In a belowground multitrophic interaction, Trichoderma harzianum induces maize root herbivore tolerance against Phyllophaga vetula.

BACKGROUND: Trichoderma spp. are soil fungi that interact with plant roots and associated biota such as other microorganisms and soil fauna. However, information about their interactions with root-feeding insects is limited. Here, interactions between Trichoderma harzianum and the root-feeding insect Phyllophaga vetula, a common insect pest in maize agroecosystems, were examined. RESULTS: Applications of T. harzianum and P. vetula to the root system increased and decreased maize growth, respectively. Induced tolerance against herbivore attack was provided by T. harzianum maintaining a robust and functional root system as evidenced by the increased uptake of Cu, Ca, Mg, Na and K. Herbivore tolerance also coincided with changes in the emission of root volatile terpenes known to induce indirect defense responses and attract natural enemies of the herbivore. More importantly, T. harzianum induced de novo emission of several sesquiterpenes such as ß-caryophyllene and δ-cadinene.
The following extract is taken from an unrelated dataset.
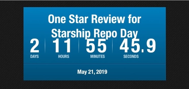 Now, if you can find any anti-Semitic dog whistles or references to women leaving their husbands for African Americans anywhere in there, you should probably lay off the drugs for a while. Not only is this review fake, it is deliberately abusive and libelous. But they’re not content with past abuses, oh no. For months now, this sub has been counting down the days until they can review carpet bomb STARSHIP REPO with more of the same fake ratings the second it’s released, hoping to tank sales. That’s not hyperbole, by the way. They literally have a countdown clock:
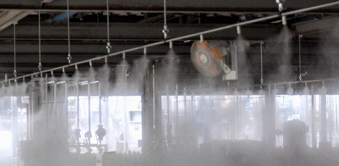 ミストで作業エリアの気温が3~4℃低下

In addition, single and combined applications of T. harzianum and P. vetula altered the sucrose content of the roots. Finally, T. harzianum produced 6-pentyl-2H-pyran-2-one (6-PP) a volatile compound that may act as an antifeedant-signaling compound mitigating root herbivory by P. vetula. CONCLUSION: Our results provide novel information about belowground multitrophic plant-microbe-arthropod interactions between T. harzianum and P. vetula in the maize rhizosphere resulting in alterations in maize phenotypic plant responses, inducing root herbivore tolerance.